BEGIN Records for the exercise
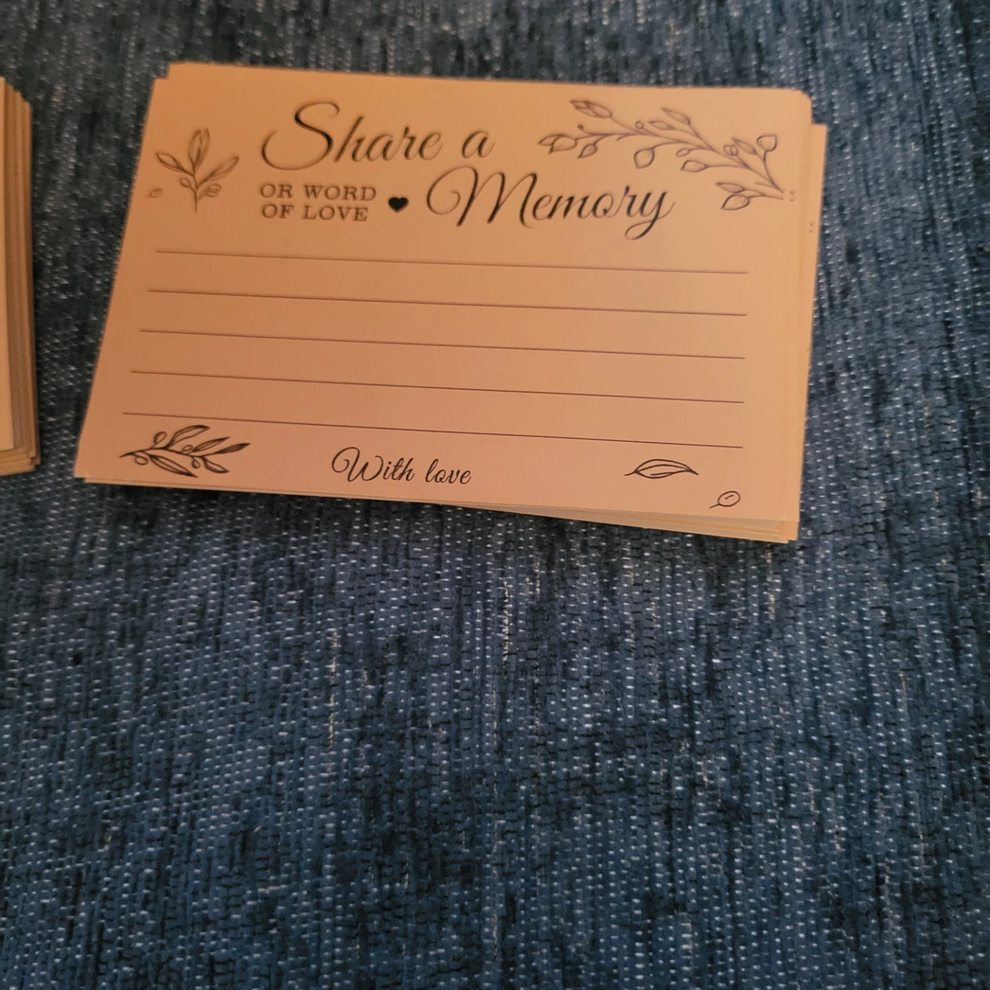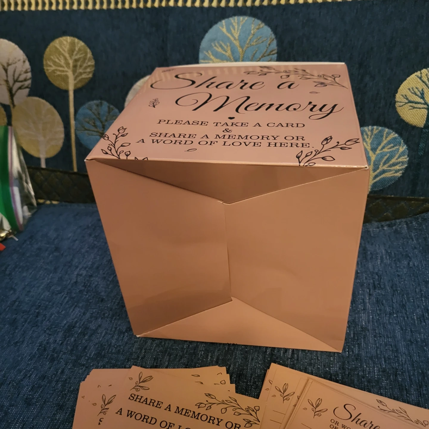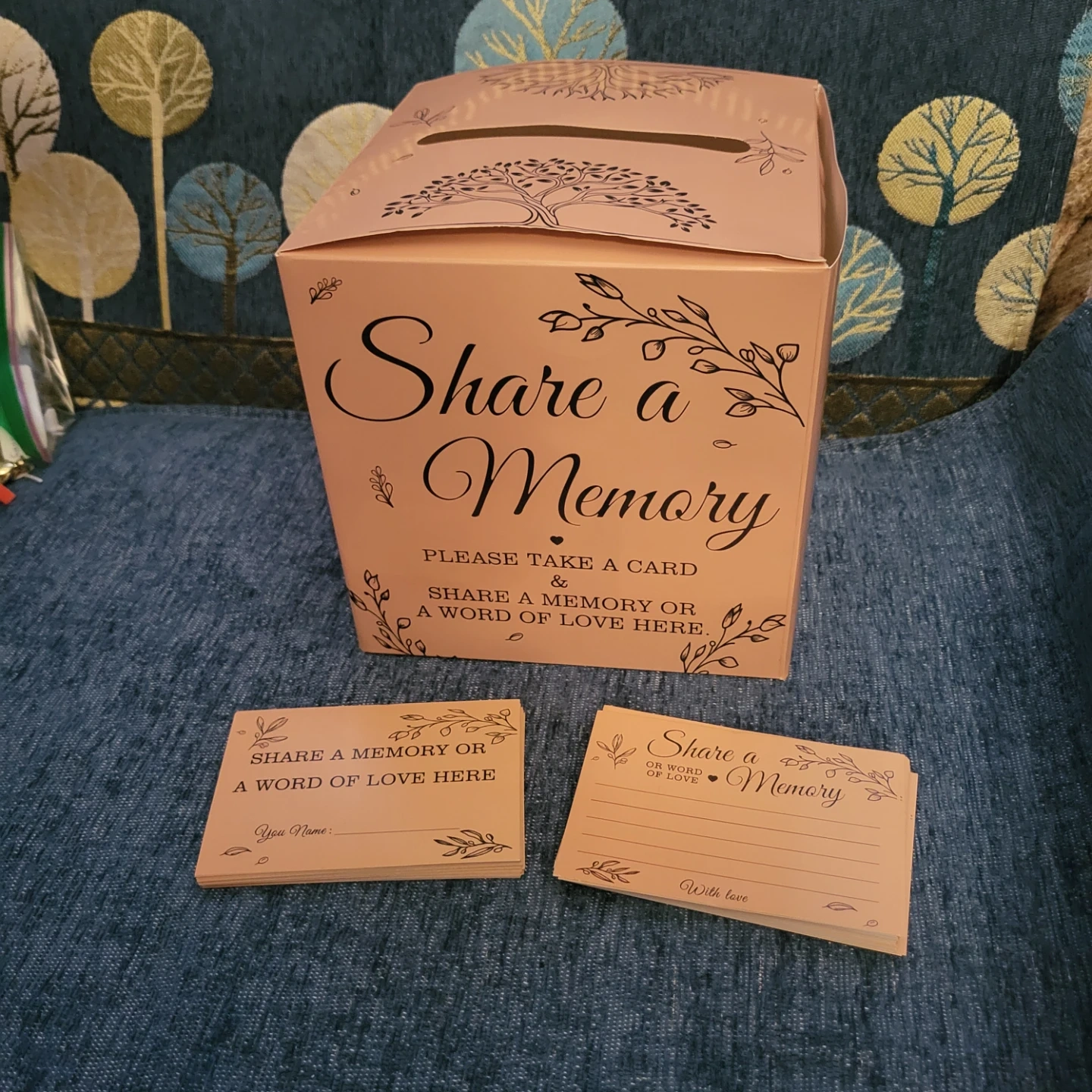 This memory box is designed for weddings or special events. It includes a box with a slot and cards for guests to share memories or words of love. The box has a decorative tree design and comes with pre-printed cards. It's a lovely way to collect heartfelt messages!
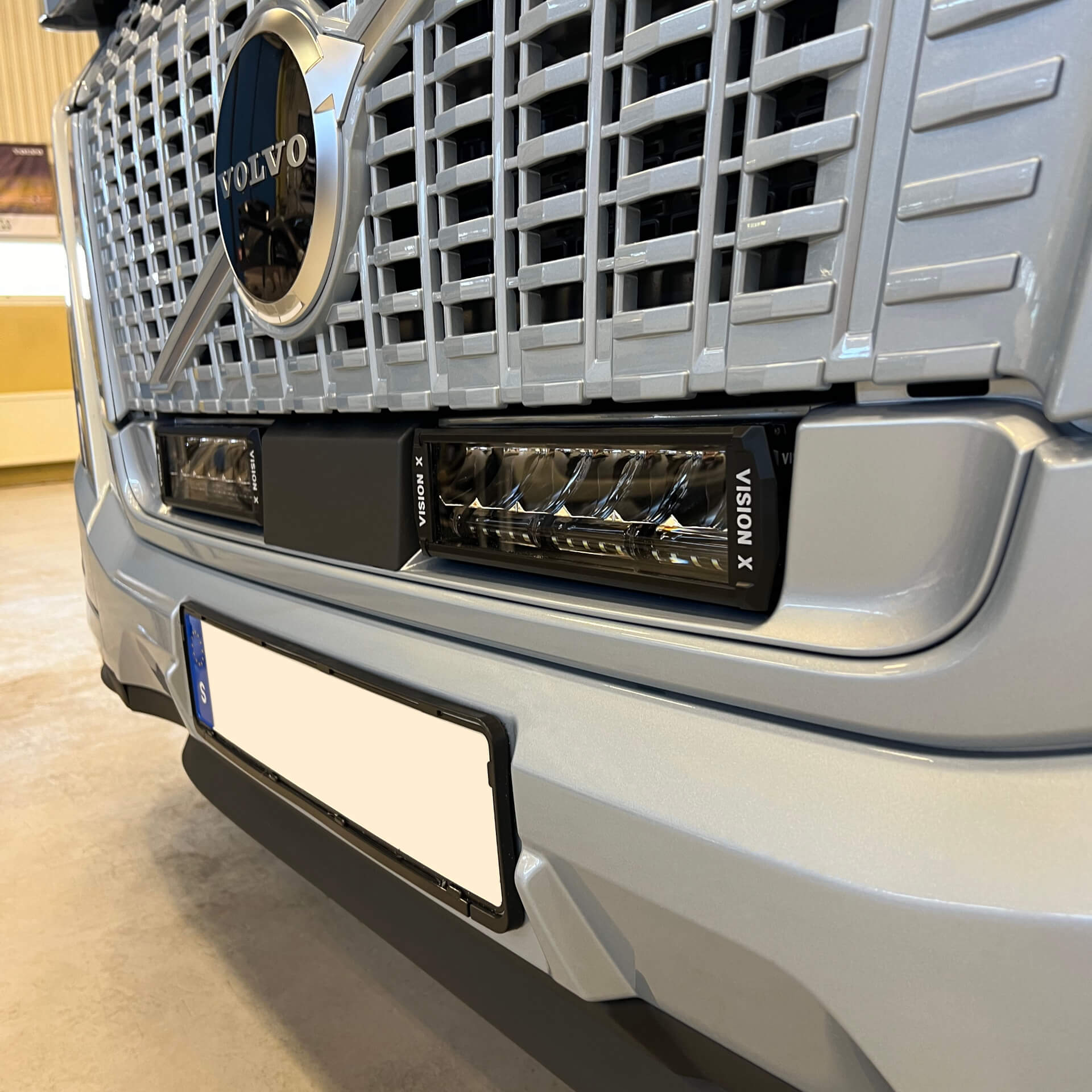 Vehicle Specific LED AUX Light kit from Vision X for Volvo FH Aero / FH16 Aero lower grille, year 2024 and newer. With an integrated and secure installation, that does not affect fuel consumption, radio or other sensors.
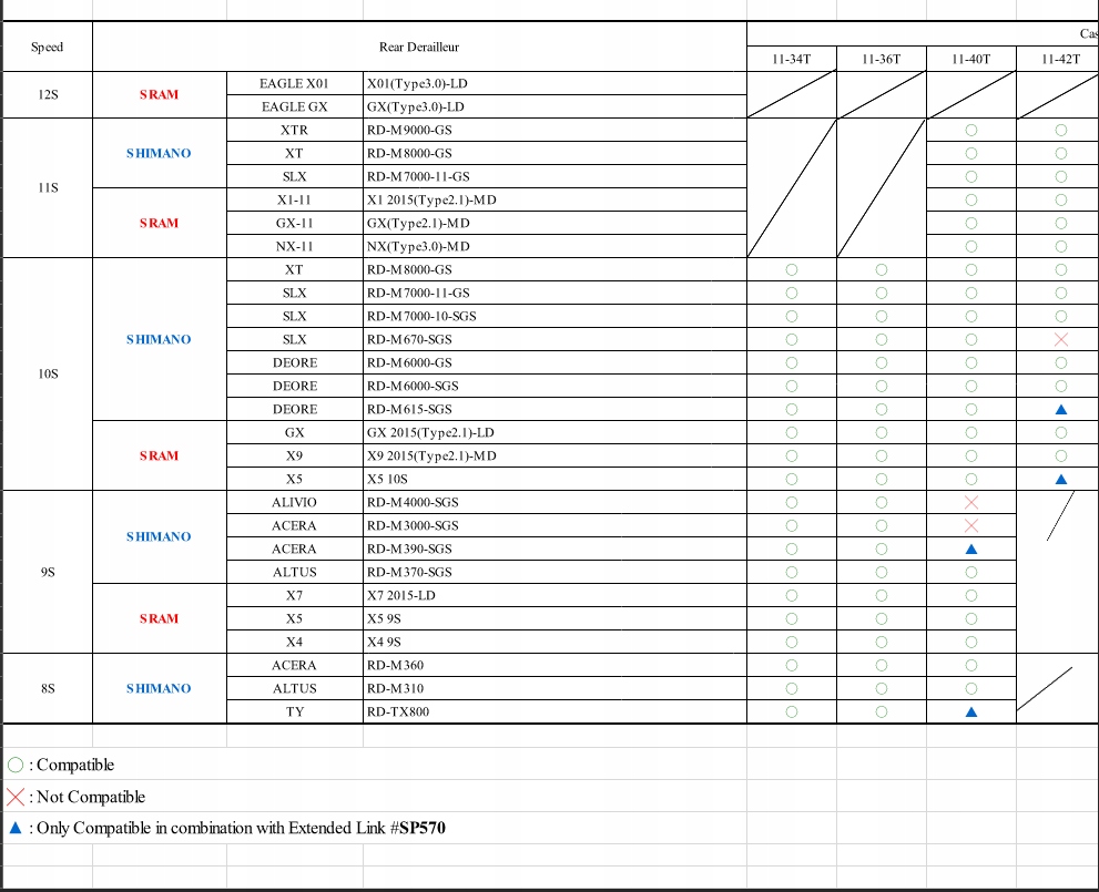 Удлинитель позволяет заднему переключателю («обычному») работать с кассетами 11–40, 11–42 или 11–46. Таблица совместимости на последней фотографии вверху.
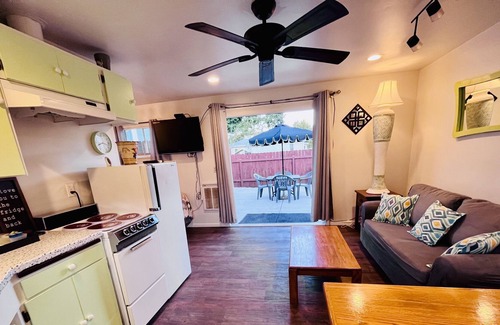 Adorable 1 bedroom suite with outdoor private patio and access to private pool during warm months. Fresh linens, full kitchen and wifi welcome you to this oasis just minutes from fun in every direction
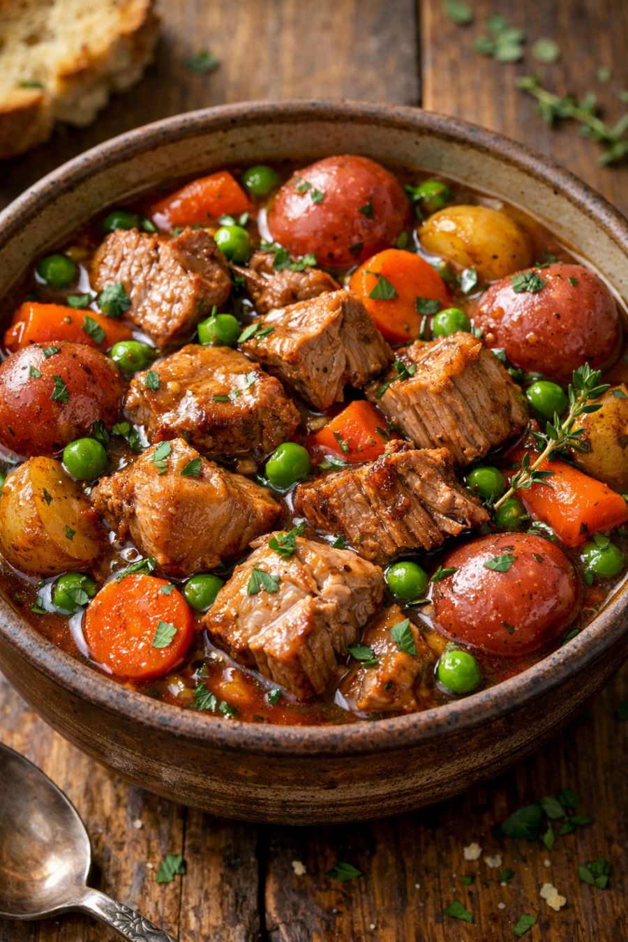 For a touch of extra spring color, you can stir in 1 to 2 cups of fresh or frozen peas during the last 20 minutes of cooking; just pop the lid back on and let them heat through until bright green and tender. If you enjoy a creamier, more gravy-like dish, whisk 2 tablespoons of cornstarch with 2 tablespoons of cold water and stir it into the hot liquid in the slow cooker during the final 30 minutes on HIGH, letting it thicken slightly. A squeeze of fresh lemon at the end will brighten the flavors and give a subtle nod to spring. You can also swap half of the carrots for parsnips, or use small Yukon Gold potatoes instead of red. For a little smoky depth, add 1/2 teaspoon smoked paprika to the broth mixture. If you prefer, boneless pork country-style ribs can stand in for pork shoulder, but keep them cut into similar 1-inch pieces for even cooking. Food safety tips: Always start with fresh, cold pork shoulder and keep it refrigerated until you’re ready to cube it and add it to the slow cooker. Use a clean cutting board and knife reserved for raw meat, and wash them well with hot, soapy water before using them for any other ingredients. Do not brown the pork and then let it sit out; move it directly from prep into the slow cooker. Make sure your slow cooker is set to LOW or HIGH as directed and avoid leaving it on the WARM setting to cook from raw, as that may not bring the pork up to a safe temperature quickly enough. The finished dish should reach an internal temperature of at least 145°F, though with slow-cooked pork shoulder you’ll typically be well above that by the time it’s tender. Refrigerate leftovers within 2 hours of cooking and use them within 3 to 4 days, reheating until steaming hot before serving.
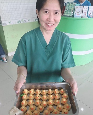 "Meu cachorro costuma saber a diferença entre o que é comestível e o que não é, mas dessa vez ele acabou com esses patinhos", disse Nong
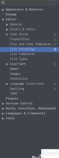 5、 在设置窗口左侧依次点击编辑器-文件编码,操作所示。
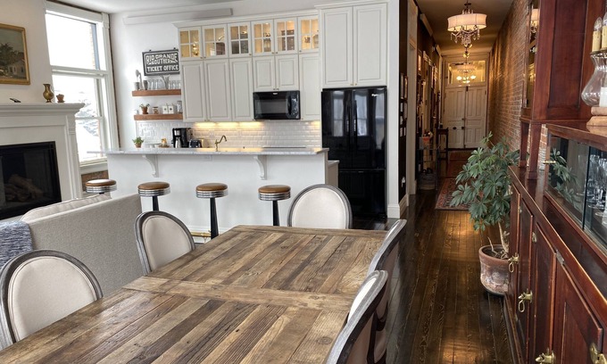 Fully equipped kitchen with marble countertops, brass fixtures, and new appliances to include gas range, microwave, dishwasher, and French style full-size refrigerator. Dining table seats six. The original soda fountain cherry wood back bar graces one wall of the living room and provides storage for crystal wine glasses, tableware, family games, and books on the history of the area. Vintage soda fountain bar stools seat four at the marble bar countertop.
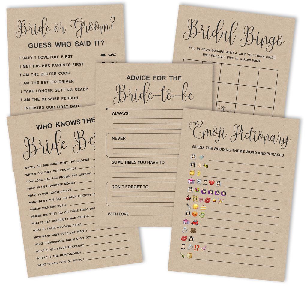 Набор из 5 игр для девичника в деревенском стиле из крафт-бумаги Inkdotpot (Мероприятия для 50 гостей) Веселый набор игр для девичника
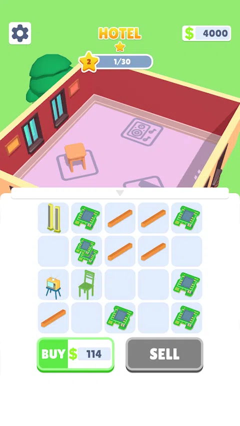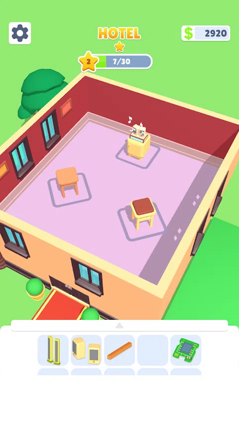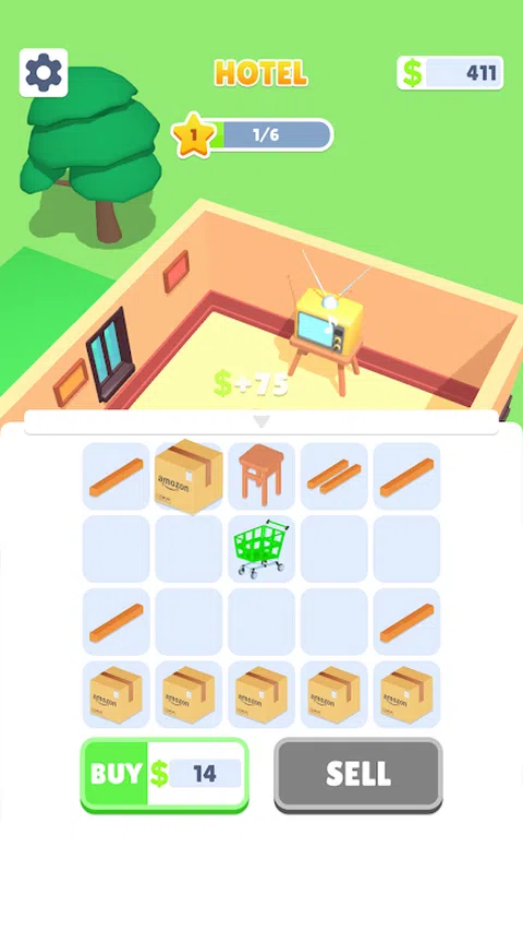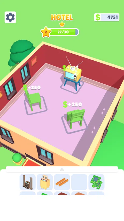 在这个游戏中,拖放对象以合并它们。 合并后的物品可以放置在酒店中以赚钱。 从头开始建立您的酒店帝国
END Records for the exercise
• Exercise goal: From the opening line of the entries above to the line that holds "Adorable 1 bedroom", inclusive, reproduce each line exactly and omit any picture.

• Worked solution:
 This memory box is designed for weddings or special events. It includes a box with a slot and cards for guests to share memories or words of love. The box has a decorative tree design and comes with pre-printed cards. It's a lovely way to collect heartfelt messages!
 Vehicle Specific LED AUX Light kit from Vision X for Volvo FH Aero / FH16 Aero lower grille, year 2024 and newer. With an integrated and secure installation, that does not affect fuel consumption, radio or other sensors.
 Удлинитель позволяет заднему переключателю («обычному») работать с кассетами 11–40, 11–42 или 11–46. Таблица совместимости на последней фотографии вверху.
 Adorable 1 bedroom suite with outdoor private patio and access to private pool during warm months. Fresh linens, full kitchen and wifi welcome you to this oasis just minutes from fun in every direction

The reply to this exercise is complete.